- _Exercise_:
With the pictures left aside, write out exactly the lines of the listing below from the line with "- Hút mạnh &" to the line with "Vedligeholdelsesfrit bord bænkesæt", both included, and only those.

- _Material for the task_:
########################################

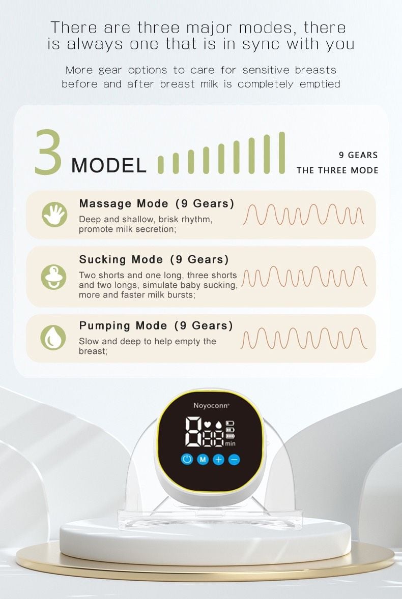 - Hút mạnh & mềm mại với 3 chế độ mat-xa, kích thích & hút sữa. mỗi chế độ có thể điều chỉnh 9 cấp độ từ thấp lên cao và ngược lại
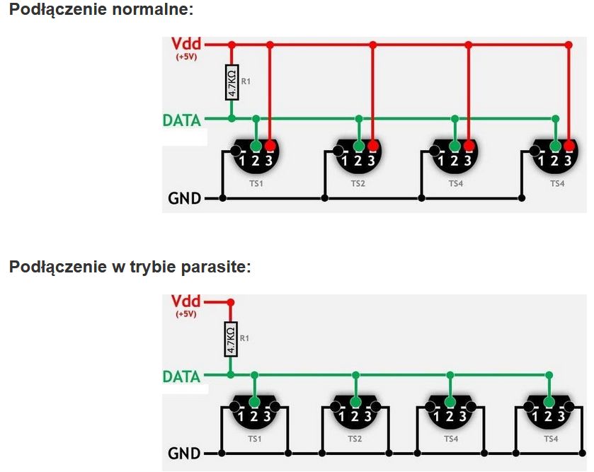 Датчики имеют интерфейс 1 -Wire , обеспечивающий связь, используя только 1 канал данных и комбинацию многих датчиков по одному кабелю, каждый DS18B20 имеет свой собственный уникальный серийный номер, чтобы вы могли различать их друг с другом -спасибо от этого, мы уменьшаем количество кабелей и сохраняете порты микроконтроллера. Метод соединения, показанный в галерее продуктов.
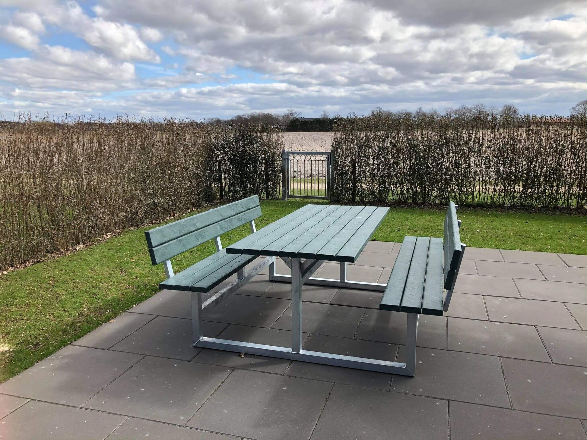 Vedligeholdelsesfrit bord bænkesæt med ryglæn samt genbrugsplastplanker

########################################

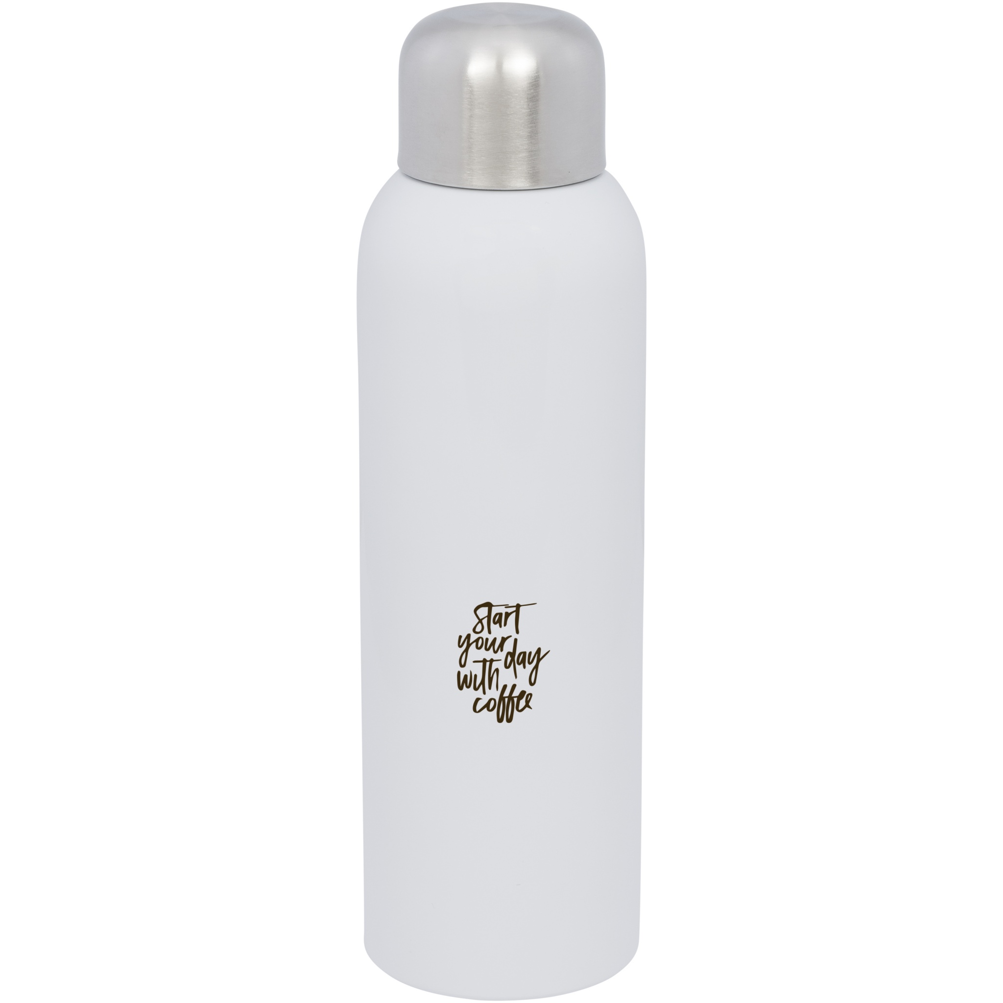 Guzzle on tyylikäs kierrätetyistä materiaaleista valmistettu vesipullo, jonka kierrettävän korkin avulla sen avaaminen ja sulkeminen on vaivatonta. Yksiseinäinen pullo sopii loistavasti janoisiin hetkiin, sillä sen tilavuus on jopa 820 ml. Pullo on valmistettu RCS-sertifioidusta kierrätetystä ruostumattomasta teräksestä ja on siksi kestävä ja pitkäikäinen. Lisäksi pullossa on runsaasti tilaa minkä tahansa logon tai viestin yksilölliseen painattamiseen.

########################################

- _Response for this exercise_:
 - Hút mạnh & mềm mại với 3 chế độ mat-xa, kích thích & hút sữa. mỗi chế độ có thể điều chỉnh 9 cấp độ từ thấp lên cao và ngược lại
 Датчики имеют интерфейс 1 -Wire , обеспечивающий связь, используя только 1 канал данных и комбинацию многих датчиков по одному кабелю, каждый DS18B20 имеет свой собственный уникальный серийный номер, чтобы вы могли различать их друг с другом -спасибо от этого, мы уменьшаем количество кабелей и сохраняете порты микроконтроллера. Метод соединения, показанный в галерее продуктов.
 Vedligeholdelsesfrit bord bænkesæt med ryglæn samt genbrugsplastplanker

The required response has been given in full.